Ze Bo Hu

Activation of mTORC1 disrupted LDL receptor pathway: A potential new mechanism for the progression of non-alcoholic fatty liver disease

Our previous studies demonstrated that inflammation exacerbates the progression of non-alcoholic fatty liver disease (NAFLD) by disrupting cholesterol homeostasis. This study aimed to investigate the role of mammalian target of rapamycin complex 1 (mTORC1) in NAFLD under conditions of inflammation. Chronic inflammation was induced by using subcutaneous injections of 10% casein in apolipoprotein E knockout (ApoE KO) mice in vivo and interleukin-1β stimulation of the HepG2 hepatoblastoma cell line in vitro. Results demonstrated that inflammation increased lipid accumulation in HepG2 cells and in livers of apolipoprotein E knockout mice. These effects were correlated with an increase in low density lipoprotein receptor (LDLR) gene transcription, which was mediated through the up-regulation of sterol regulatory element-binding protein (SREBP) cleavage-activating protein (SCAP), SREBP-2, and through enhanced translocation of the SCAP/SREBP-2 complex from endoplasmic reticulum (ER) to Golgi. In addition, our data indicated that inflammation down-regulated the expression of proprotein convertase subtilisin kexin 9 (PCSK9) and prevented the degradation of LDLR protein via posttranscriptional mechanisms. Further analysis showed that inflammation increased the protein phosphorylation of mTOR, eukaryotic initiation factor 4E-binding protein 1, and p70 S6 kinase. Interestingly, blocking mTORC1 activity inhibited the translocation of SCAP/SREBP-2 complex from the ER to the Golgi and decreased the expression of LDLR, SCAP, and SREBP-2. These effects were accompanied by an increase in the expression of PCSK9 and accelerated LDLR degradation. Our findings demonstrated that increased mTORC1 activity exacerbated the progression of NAFLD by disrupting LDLR expression via transcriptional and posttranscriptional mechanisms.

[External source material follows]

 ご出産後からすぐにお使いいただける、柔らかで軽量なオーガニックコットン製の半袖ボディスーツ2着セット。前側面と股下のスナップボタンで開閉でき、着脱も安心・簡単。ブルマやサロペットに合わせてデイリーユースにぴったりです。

Dysregulation of low-density lipoprotein receptor contributes to podocyte injuries in diabetic nephropathy

Dyslipidemia plays crucial roles in the progression of diabetic nephropathy (DN). This study investigated the effects of high glucose on lipid accumulation in podocytes and explored its underlying mechanisms. Male db/m and db/db mice were fed a normal chow diet for 8 wk. Immortalised mouse podocytes were treated with or without high glucose for 24 h. The changes to the morphology and ultramicrostructures of the kidneys in mice were examined using pathological staining and electron microscopy. Intracellular lipid accumulation was evaluated by Oil Red O staining and a free cholesterol quantitative assay. The expressions of the molecules involved in low-density lipoprotein receptor (LDLr) pathway and podocyte injury were examined using immunofluorescent staining, real-time PCR, and Western blot. There were increased levels of plasma lipid, serum creatinine, and proteinuria in db/db mice compared with db/m mice. Moreover, there was significant mesangial matrix expansion, basement membrane thickening, podocyte foot process effacement, and phenotypic alteration in the db/db group. Additionally, lipid accumulation in the kidneys of db/db mice was increased due to increased protein expressions of LDLr, sterol regulatory element-binding protein (SREBP) cleavage-activating protein, and SREBP-2. These effects were further confirmed by in vitro studies. Interestingly, the treatment with LDLr siRNA inhibited lipid accumulation in podocytes and decreased the protein expression of molecules associated with phenotypic alteration in podocytes. High glucose disrupted LDLr feedback regulation in podocytes, which may cause intracellular lipid accumulation and alteration of podocyte phenotype, thereby accelerating DN progression.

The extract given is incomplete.